Exercise goal -
The records must be duplicated exactly, with every picture left out.

(Dataset entries)
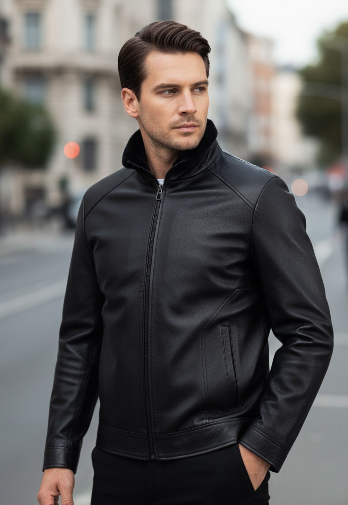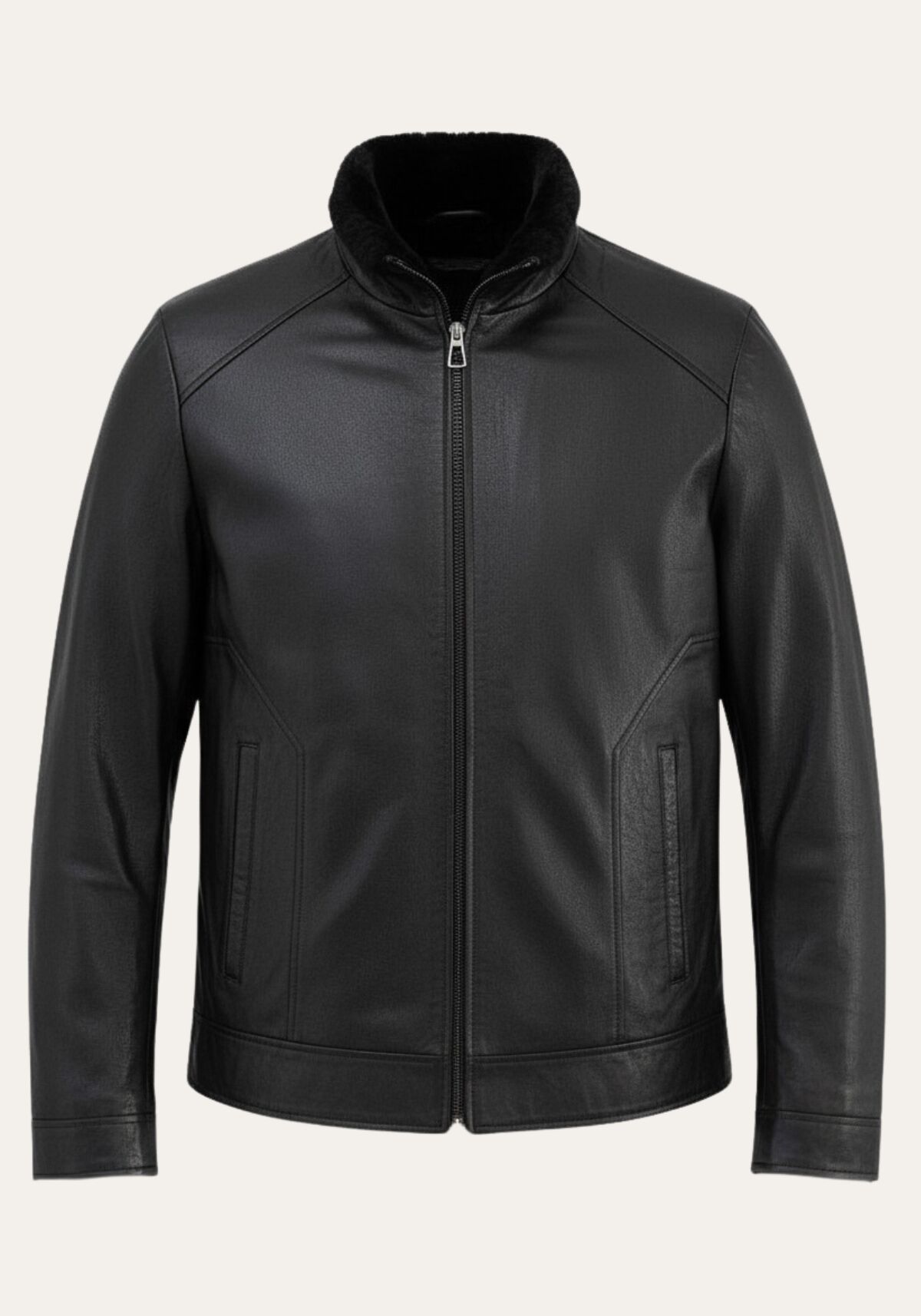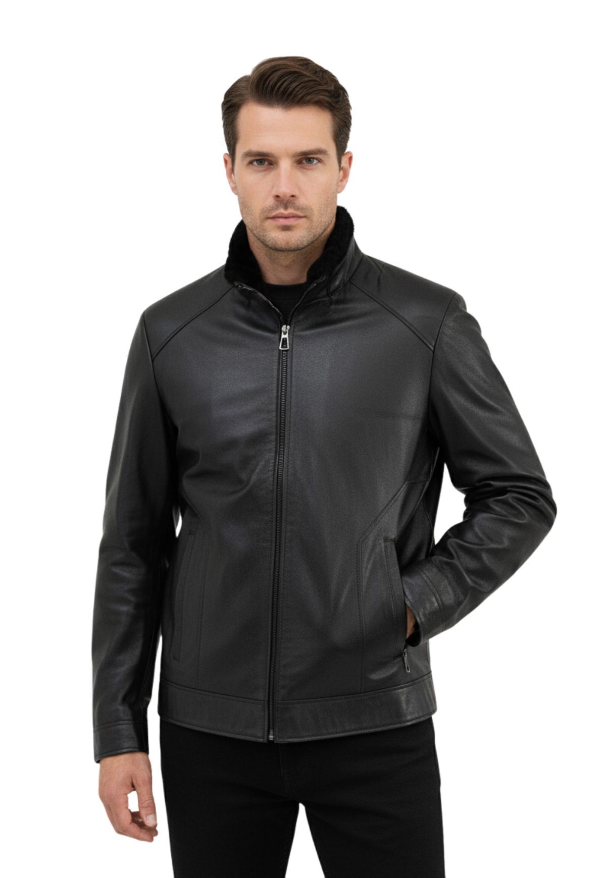 Zeitlose Herren Lammfelljacke in klassischen Schwarz. Diese Jacke vereint hochwertige Verarbeitung mit modernem Design, was sie zum perfekten Begleiter für kalte Tage und besondere Anlässe mach.
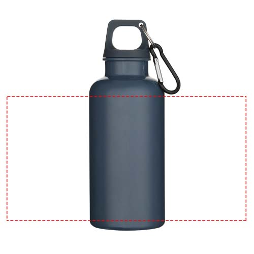 Staying hydrated at all times is possible with this durable yet lightweight 400 ml water bottle made from RCS certified recycled PET. It is the perfect companion while exercising, on day trips or at the office. The single-walled Oregon bottle has a twist-on lid and offers plenty of space to add any kind of logo. Clip the attached carabiner (not suitable for climbing) securely to a bag to avoid losing it. Manufactured in compliance with the EFSA approved PET recycling process.
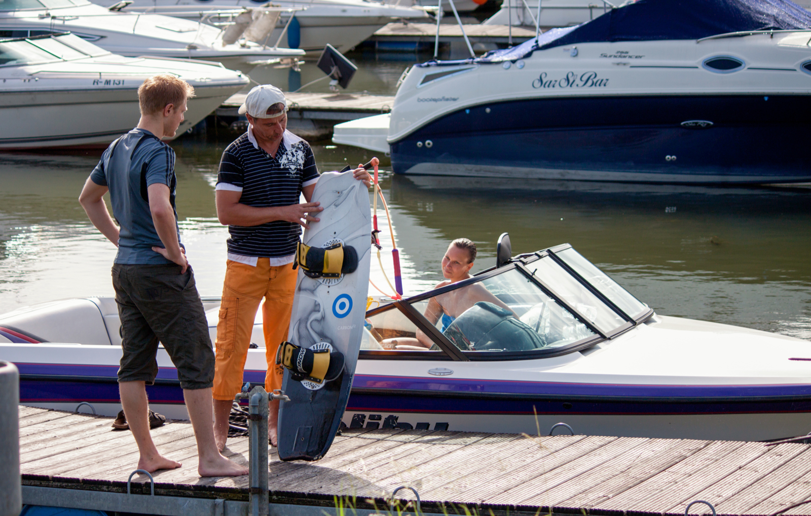 Vorsichtig gleitest Du vom Motorboot in das Wasser der Donau. Ausgerüstet mit Neoprenanzug, Schwimmweste und dem Wakeboard an den Füßen begibst Du Dich in Position. Und ehe Du Dich versiehst, wirst Du von dem starken Motorboot gezogen. Nach wenigen Versuchen stehst Du schon auf dem Wasser. Wahnsinn! Der Wind weht in Deinen Haaren und Du kannst Dein Glück kaum fassen. Achtung, Suchtpotenzial!
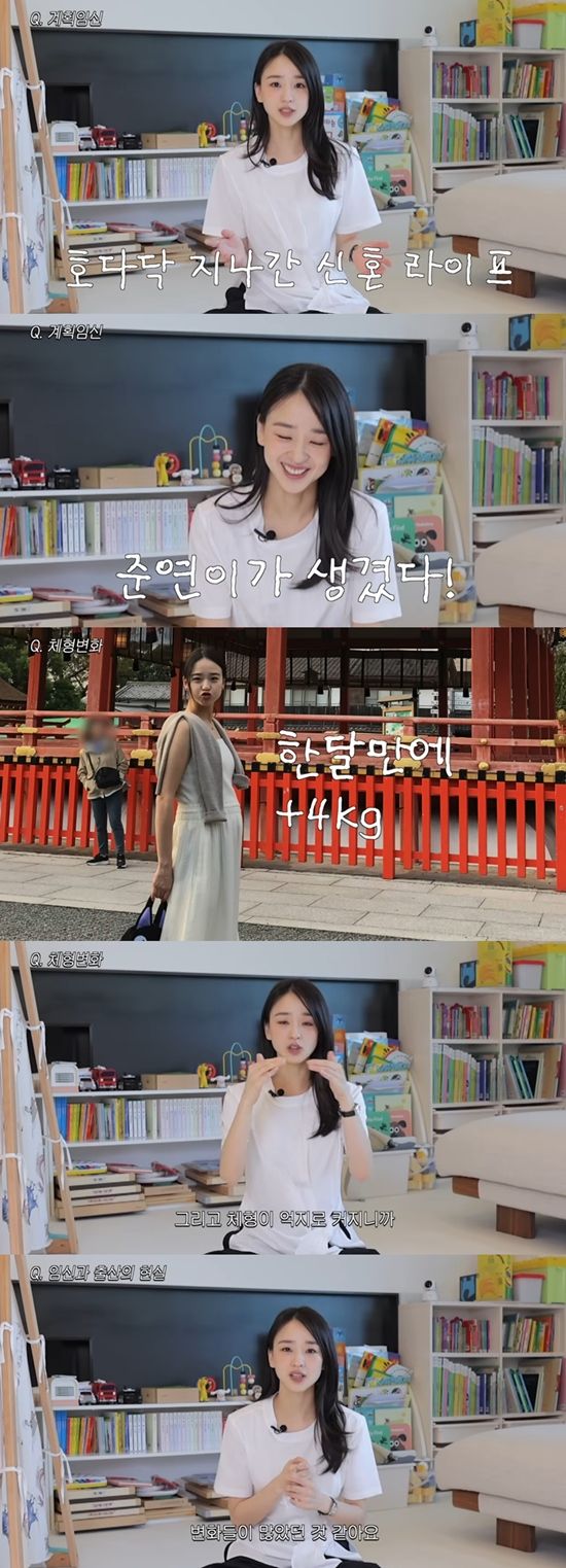 또한 손연재는 친한 임산부 지인과 태교 여행을 간 후 한 달 만에 4kg이 늘었다고 밝혔다. 이어 "살이 윤기 있게 찐다"라며 "체형이 억지로 커지니까 살이 터서 튼살 크림이란 크림은 다 발랐다"라고 털어놨다.
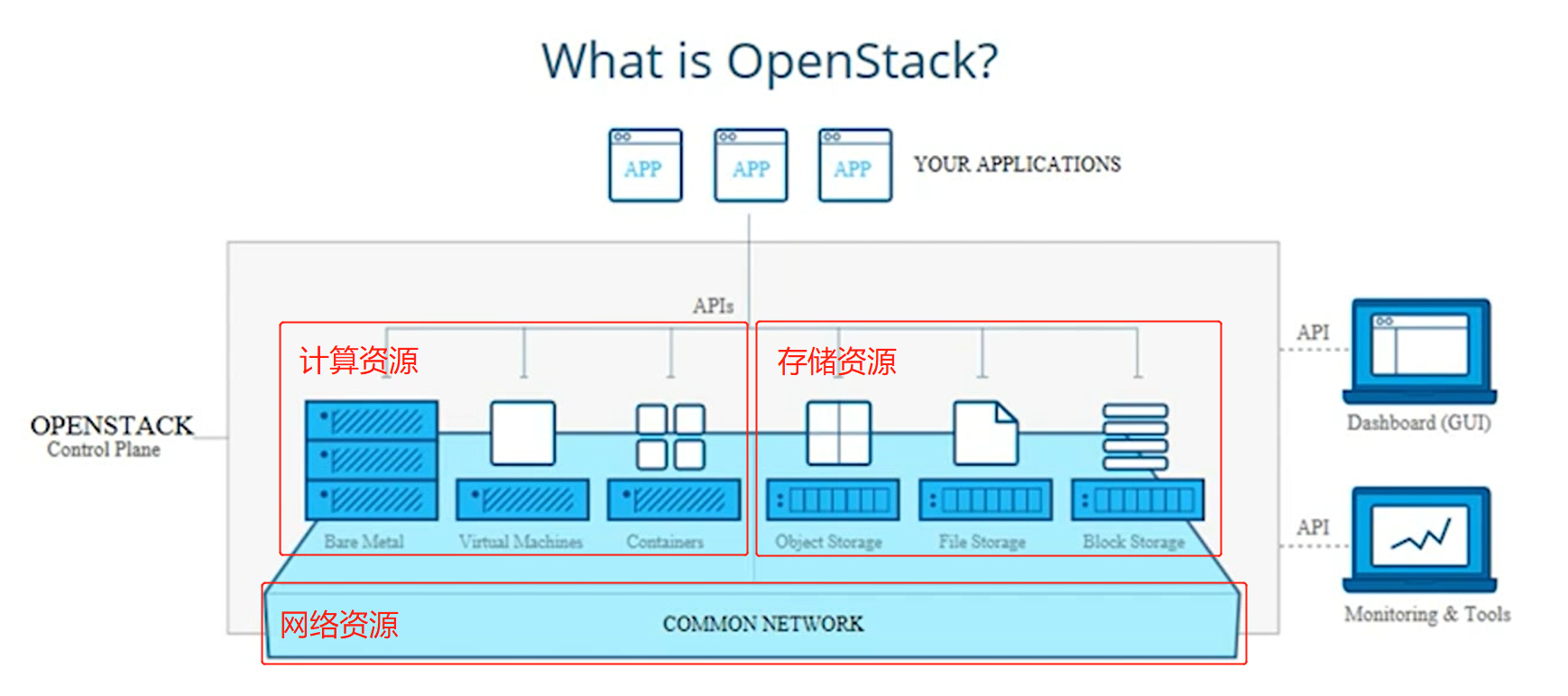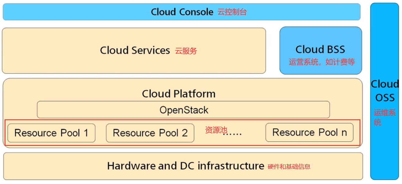 翻译:openstack是一个云操作系统,控制着一个大规模(数据中心级别)的资源池,资源池包含计算、存储和网络。给管理员提供一个仪表盘去控制资源池里所有资源,最终用户可以通过web页面下发(获得)这些资源。

The completed task -
 Zeitlose Herren Lammfelljacke in klassischen Schwarz. Diese Jacke vereint hochwertige Verarbeitung mit modernem Design, was sie zum perfekten Begleiter für kalte Tage und besondere Anlässe mach.
 Staying hydrated at all times is possible with this durable yet lightweight 400 ml water bottle made from RCS certified recycled PET. It is the perfect companion while exercising, on day trips or at the office. The single-walled Oregon bottle has a twist-on lid and offers plenty of space to add any kind of logo. Clip the attached carabiner (not suitable for climbing) securely to a bag to avoid losing it. Manufactured in compliance with the EFSA approved PET recycling process.
 Vorsichtig gleitest Du vom Motorboot in das Wasser der Donau. Ausgerüstet mit Neoprenanzug, Schwimmweste und dem Wakeboard an den Füßen begibst Du Dich in Position. Und ehe Du Dich versiehst, wirst Du von dem starken Motorboot gezogen. Nach wenigen Versuchen stehst Du schon auf dem Wasser. Wahnsinn! Der Wind weht in Deinen Haaren und Du kannst Dein Glück kaum fassen. Achtung, Suchtpotenzial!
 또한 손연재는 친한 임산부 지인과 태교 여행을 간 후 한 달 만에 4kg이 늘었다고 밝혔다. 이어 "살이 윤기 있게 찐다"라며 "체형이 억지로 커지니까 살이 터서 튼살 크림이란 크림은 다 발랐다"라고 털어놨다.
 翻译:openstack是一个云操作系统,控制着一个大规模(数据中心级别)的资源池,资源池包含计算、存储和网络。给管理员提供一个仪表盘去控制资源池里所有资源,最终用户可以通过web页面下发(获得)这些资源。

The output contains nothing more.